Work to be completed:
The reply should contain every line of the data, repeated exactly, and no pictures.

Data supplied:
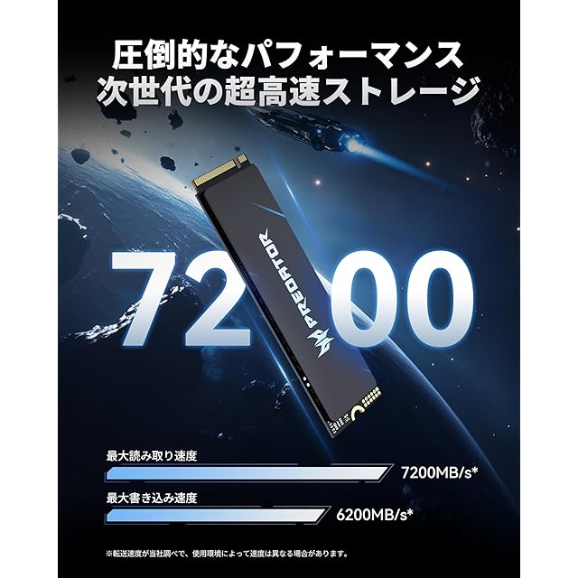 商品名:Acer Predator M.2 SSD 1TB GM6 NVMe2.0 2280 PCIe Gen4×4 超高速(最大読み取り:7200MB/s、最大書き込み:6200MB/s) 内蔵SSD 高耐久 3D NAND PS5動作確認済み メーカー5年
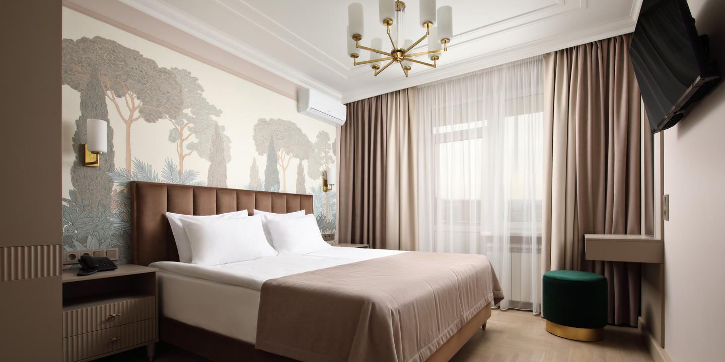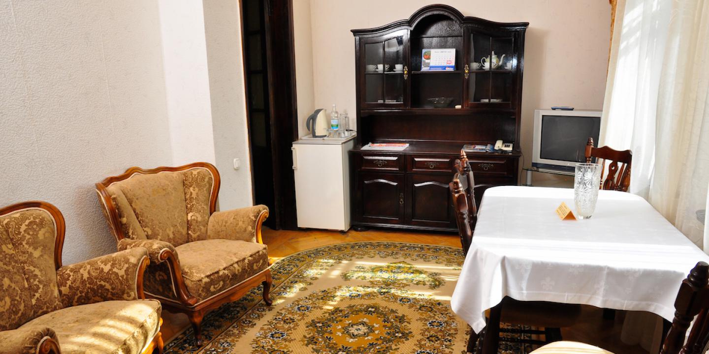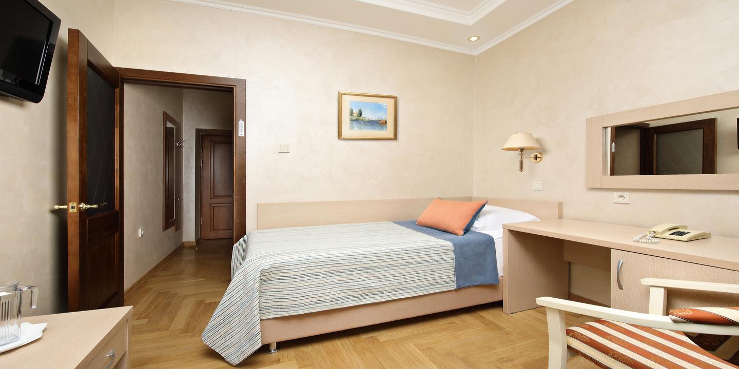 Оборудование: кондиционер, мини-холодильник, сейф, телевизор, телефон, чайный набор посуды, электрочайник.
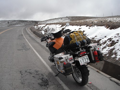 それから残雪がチラホラ路肩にある地帯へ。高度を見たら4,541m!! スゴイな。それからちょっと上がりましたので最高点は4,600メートルくらいだと思います。
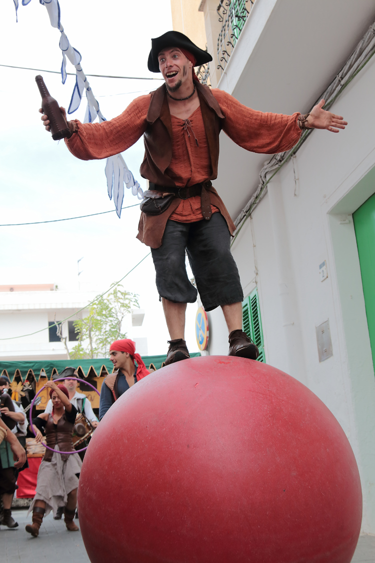 El pasado sábado nos acercamos a conocer la fiesta marinera medieval que se celebraba en las calles del centro histórico de San Antonio (Sant Antoni). Una fiesta pirata en toda regla donde hasta las vacas llevaban el atuendo correspondiente. A mis peques les llamó muchísimo la atención, están acostumbrados a ir a fiestas medievales, los exconxuraos  quedaba realmente cerca de nuestra antigua casa y no había año que no pasáramos por allí. Sin embargo la fiesta medieval de este fin de semana además de medieval era marinera y el punto de los piratas les encantó.
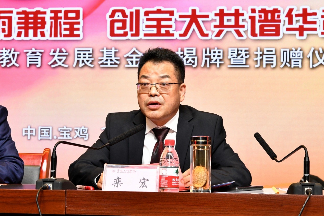 校友代表咸阳校友分会会长田建设、宁波太阳湖工艺品公司总经理魏垂亭、西安和而不同文化产业发展有限公司董事长王丰、宝鸡正徽酒业营销策划有限公司总经理吴永利先后发言,表达了对学校的美好祝愿,并一致表示,将一如既往支持学校的发展。
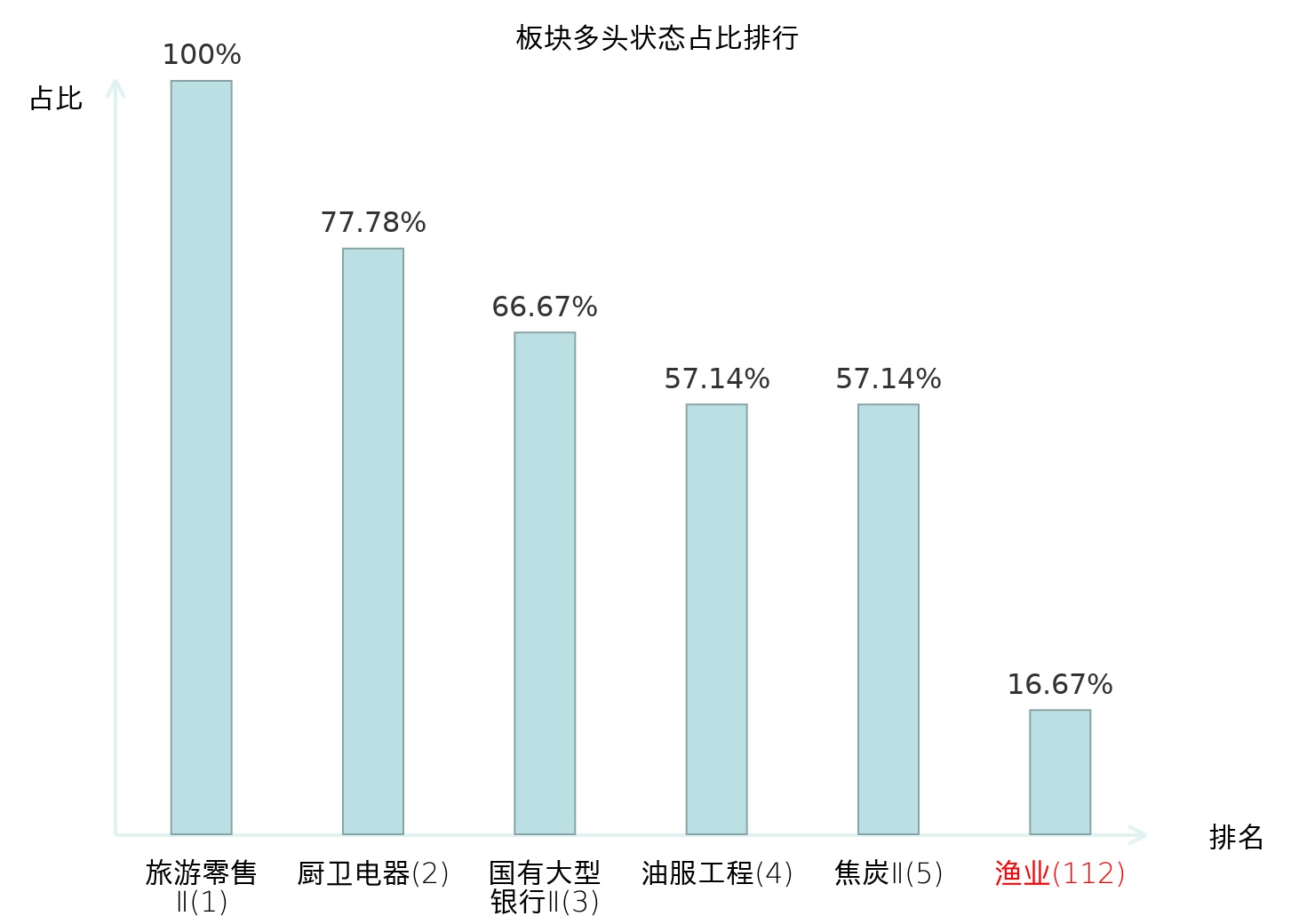 从主力宝信号数据分析,大湖股份所属的渔业板块中只有1只股票处于主力多头状态,主力多头状态占比在全行业中排名第112位,较昨日下降63位。排名的下降可能反映了主力对该板块态度的变化,表明主力整体看多意愿有所减弱。全市场所有行业板块中,旅游零售Ⅱ板块的主力多头状态占比最高,位居第一;房地产服务板块名次提升最快,较昨日上升71位。这些变动揭示了不同行业间主力资金动向的趋势,为投资者提供了关于市场情绪和潜在投资机会的重要线索。
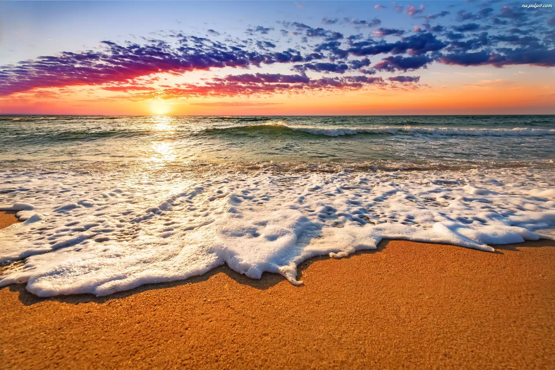 Słońca, Fale, Plaża, Morze, Wschód Na Pulpit
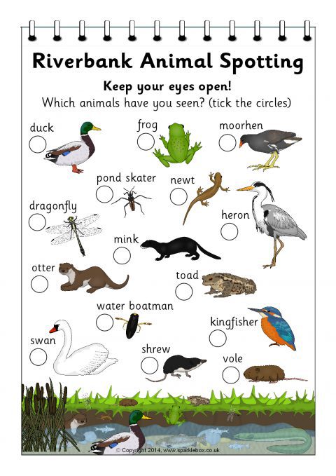 A form for children to tick off various animals they see at the riverbank.
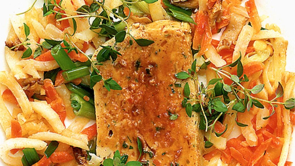 3. Puhdista, kuori ja suikaloi perunat, porkkana, juuriselleri, palsternakka ja purjo. Puhdista ja viipaloi sienet ja kuullota niitä voissa tai öljyssä paistinpannulla. Kuullota myös perunat ja juuressuikaleet. Leikkaa murekkeesta ohuita siivuja ja tarjoa juuressuikaleiden ja sienten kera. Koristele tuoreella timjamilla tai muulla yrttimausteella.
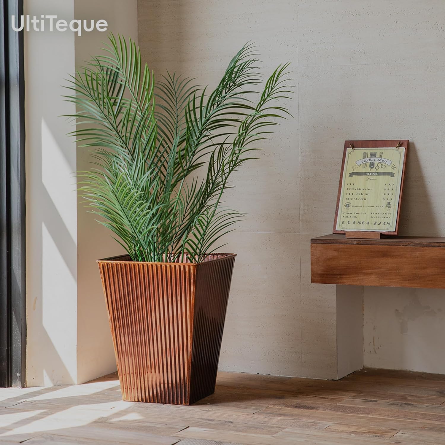 18in Vintage Handmade Metal Vertical Lines Copper Tapered Planters Set of 2, Galvanized Steel Planter Box with Drainage Hole for Indoor/Outdoor/Porch/Garden
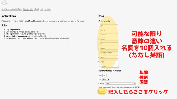 研究者たちは早速98か国の8000人以上のボランティアの人々に「意味のできるだけ離れた名詞を10個選んでもらうテスト」(DAT:Divergent Association Task)を行ってもらいました。

Solution for this problem:
 商品名:Acer Predator M.2 SSD 1TB GM6 NVMe2.0 2280 PCIe Gen4×4 超高速(最大読み取り:7200MB/s、最大書き込み:6200MB/s) 内蔵SSD 高耐久 3D NAND PS5動作確認済み メーカー5年
 Оборудование: кондиционер, мини-холодильник, сейф, телевизор, телефон, чайный набор посуды, электрочайник.
 それから残雪がチラホラ路肩にある地帯へ。高度を見たら4,541m!! スゴイな。それからちょっと上がりましたので最高点は4,600メートルくらいだと思います。
 El pasado sábado nos acercamos a conocer la fiesta marinera medieval que se celebraba en las calles del centro histórico de San Antonio (Sant Antoni). Una fiesta pirata en toda regla donde hasta las vacas llevaban el atuendo correspondiente. A mis peques les llamó muchísimo la atención, están acostumbrados a ir a fiestas medievales, los exconxuraos  quedaba realmente cerca de nuestra antigua casa y no había año que no pasáramos por allí. Sin embargo la fiesta medieval de este fin de semana además de medieval era marinera y el punto de los piratas les encantó.
 校友代表咸阳校友分会会长田建设、宁波太阳湖工艺品公司总经理魏垂亭、西安和而不同文化产业发展有限公司董事长王丰、宝鸡正徽酒业营销策划有限公司总经理吴永利先后发言,表达了对学校的美好祝愿,并一致表示,将一如既往支持学校的发展。
 从主力宝信号数据分析,大湖股份所属的渔业板块中只有1只股票处于主力多头状态,主力多头状态占比在全行业中排名第112位,较昨日下降63位。排名的下降可能反映了主力对该板块态度的变化,表明主力整体看多意愿有所减弱。全市场所有行业板块中,旅游零售Ⅱ板块的主力多头状态占比最高,位居第一;房地产服务板块名次提升最快,较昨日上升71位。这些变动揭示了不同行业间主力资金动向的趋势,为投资者提供了关于市场情绪和潜在投资机会的重要线索。
 Słońca, Fale, Plaża, Morze, Wschód Na Pulpit
 A form for children to tick off various animals they see at the riverbank.
 3. Puhdista, kuori ja suikaloi perunat, porkkana, juuriselleri, palsternakka ja purjo. Puhdista ja viipaloi sienet ja kuullota niitä voissa tai öljyssä paistinpannulla. Kuullota myös perunat ja juuressuikaleet. Leikkaa murekkeesta ohuita siivuja ja tarjoa juuressuikaleiden ja sienten kera. Koristele tuoreella timjamilla tai muulla yrttimausteella.
 18in Vintage Handmade Metal Vertical Lines Copper Tapered Planters Set of 2, Galvanized Steel Planter Box with Drainage Hole for Indoor/Outdoor/Porch/Garden
 研究者たちは早速98か国の8000人以上のボランティアの人々に「意味のできるだけ離れた名詞を10個選んでもらうテスト」(DAT:Divergent Association Task)を行ってもらいました。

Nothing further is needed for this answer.